What is the principle of the product recommendation system?

The recommendation system is to use the e-commerce website to provide product information and suggestions to customers, help users decide what products should be purchased, and simulate sales staff to help customers complete the purchase process. Personalized recommendation is to recommend information and commodities of interest to users based on their characteristics and purchase behaviors.
The earliest recommendation algorithm is usually established by association rules, such as the famous story of beer diapers, which is a classic case of using association rules to recommend products to promote transactions. The algorithms born for it, such as the Apriori algorithm, were invented by Amazon.

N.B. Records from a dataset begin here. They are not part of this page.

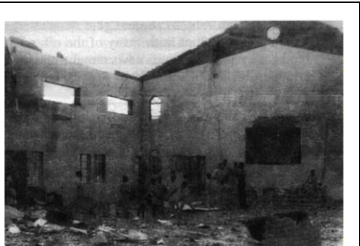
Une église des Églises évangéliques de l'Afrique de l'ouest a été brûlée par des intégristes islamiques à Zaria au Nigéria.

Dans la province de Shaanxi, en Chine: "Les officiers devêtirent trois frères jusqu'à la taille et forcèrent les femmes à se tenir avec eux... Les trois hommes furent battus jusqu'à ce qu'ils furent totalement couverts de sang. Ils avaient des blessures béantes et des plaies à la grandeur de leurs corps. Comme une raclée aussi violente ne leur suffisait pas, les officiers alors les firent suspendre à des cordes et les rouèrent de coups de verges sur le dos.
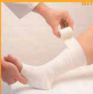
Bende e prodotti antisanguinamento
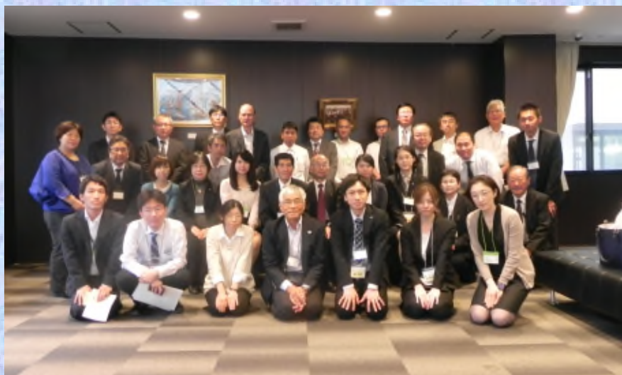
アース・サロンvol.2(参加者記念写真)
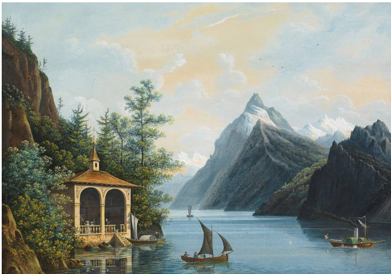
Часовня Вильгельма Телля. Гуашь. XIX век.

Auteur: Наталья Беглова, Женева , 29.11.2019.

When we buy books on Amazon, we often see the following two tips:

  1. These books will be purchased by consumers together, and there is a certain discount on the price;
  2. People who bought this book will also buy other books.

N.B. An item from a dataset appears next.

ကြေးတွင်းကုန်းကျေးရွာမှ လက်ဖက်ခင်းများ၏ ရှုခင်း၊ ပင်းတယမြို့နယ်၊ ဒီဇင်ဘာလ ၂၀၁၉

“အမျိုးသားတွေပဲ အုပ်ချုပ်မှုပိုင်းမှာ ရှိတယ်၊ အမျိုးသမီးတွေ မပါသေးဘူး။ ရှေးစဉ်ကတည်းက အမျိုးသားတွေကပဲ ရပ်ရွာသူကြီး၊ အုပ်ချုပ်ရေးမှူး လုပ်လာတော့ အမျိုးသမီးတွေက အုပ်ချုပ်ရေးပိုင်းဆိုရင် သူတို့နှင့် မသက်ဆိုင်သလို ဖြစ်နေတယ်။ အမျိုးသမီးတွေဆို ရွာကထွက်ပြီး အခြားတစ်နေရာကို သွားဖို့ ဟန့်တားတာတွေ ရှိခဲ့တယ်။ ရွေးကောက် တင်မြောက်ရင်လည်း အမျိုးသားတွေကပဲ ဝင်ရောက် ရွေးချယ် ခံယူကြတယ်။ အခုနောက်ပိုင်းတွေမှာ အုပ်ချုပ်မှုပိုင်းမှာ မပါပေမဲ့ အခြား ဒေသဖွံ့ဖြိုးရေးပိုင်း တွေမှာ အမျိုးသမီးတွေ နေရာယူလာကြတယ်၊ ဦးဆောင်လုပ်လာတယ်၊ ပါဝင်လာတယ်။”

Amazon will mine massive user records on the platform, discover these laws, and then apply these laws to actual sales. The results also show that the use of this algorithm optimization played a great role in improving Amazon's performance at that time.

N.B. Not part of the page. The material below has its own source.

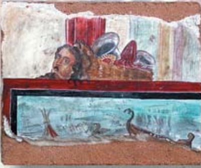
OCEANUS cm. 25x30 - 9"x 12"
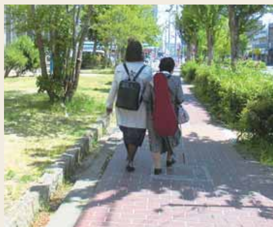
関西での同行依頼が全国から寄せられます

難しく考えず、その人の立場に立ち、その人の目の代わりをすることが、『フローバー』流の支援です。

Today, with the continuous expansion of e-commerce and the rapid growth of product types, customers need to spend a lot of time to find the goods they want to buy. This process of browsing a large amount of irrelevant information and products will undoubtedly cause consumers who are drowning in information overload to continue to lose. To solve these problems, personalized recommendation system came into being.

Personalized recommendation system is an advanced business intelligence platform built on the basis of massive data mining, which can help e-commerce websites to provide their customers with fully personalized decision support and information services. Different from traditional rule recommendation, personalized recommendation algorithms usually use machine learning or even deep learning algorithms to fully mine user information and behavior information, and then make effective recommendations.
There are many commonly used recommendation algorithms, the most classic of which is recommendation based on Matrix Factorization. The simple idea of matrix factorization is that each user and each item will have its own characteristics. Using the matrix factorization method, the user-characteristic matrix and the characteristic-item matrix can be decomposed from the scoring matrix. The advantage is to get the user's preferences and the characteristics of each item. The idea of matrix factorization has also been extended and generalized to deep learning and Embedding, so that building models can enhance the accuracy and flexibility of the model.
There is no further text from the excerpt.